Hi all,

Prove by induction that $\displaystyle \sum_{r=1}^n r(r!)$= (n+1)!-1

for all integers n>=1

Printable View

- Nov 5th 2009, 09:10 AMsirellwoodInduction Proof
Hi all,

Prove by induction that $\displaystyle \sum_{r=1}^n r(r!)$= (n+1)!-1

for all integers n>=1 - Nov 5th 2009, 01:52 PMDeadstar
Inductive base case.

Let n=1. Then you have for LHS

$\displaystyle \sum_{r=1}^1 r(r!) = 1(1!) = 1$

And RHS

(1+1)! - 1 = 2! - 1 = 2-1 = 1. So hold for n=1.

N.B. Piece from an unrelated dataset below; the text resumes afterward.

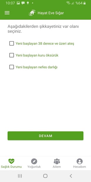 T.C. Sağlık Bakanlığı tarafından vatandaşlara sunulan Hayat Eve Sığar uygulaması ile telefon numaranız ile doğrulama yaparak adım adım size sorulan soruları cevaplayıp, koronavirüs hastalığı anlamında vermiş olduğunuz şikayetlerinize göre değerlendirilerek nasıl davranmanız gerektiğine göre yönlendirme alabilirsiniz. Vermiş olduğunuz cevaplara göre yönlendirmeler sadece öneri niteliği taşımaktadır ve nihai bir sonuç/kesinlik içermemektedir, tavsiye niteliğindedir.
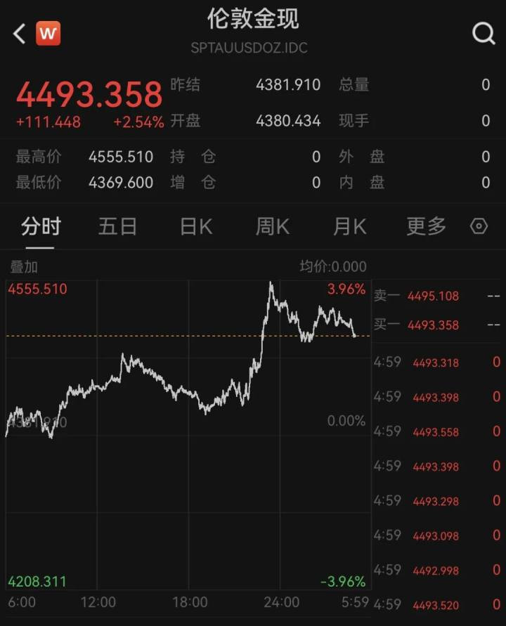 放胆收盘,现货黄金涨2.5%,报4493.36好意思元/盎司;现货白银涨2.4%,报69.73好意思元/盎司。

Assume it holds for n, i.e $\displaystyle \sum_{r=1}^n r(r!) = (n+1)! - 1$

Try to prove it works for n+1

So for n+1 we want to get $\displaystyle \sum_{r=1}^{n+1} r(r!) = ((n+1)+1)! - 1 = (n+2)! - 1$.

$\displaystyle \sum_{r=1}^{n+1} r(r!) = \sum_{r=1}^{n} r(r!) + (n+1)*(n+1)! = (n+1)! - 1 + (n+1)*(n+1)!$.

For the terms involving n take out a common factor of (n+1)! to get...

$\displaystyle (1+(n+1))*(n+1)! - 1 = (n+2)*(n+1)! - 1 = (n+2)! - 1$. which is what we wanted. Hence by our inductive hypothesis the equality holds. - Nov 5th 2009, 02:35 PMsirellwood
Wow. Great answer, very clear. You probably won't beleive me but i was kind of halway there, i showed it held for n=1 but got confused half way through showing it holds for n+1!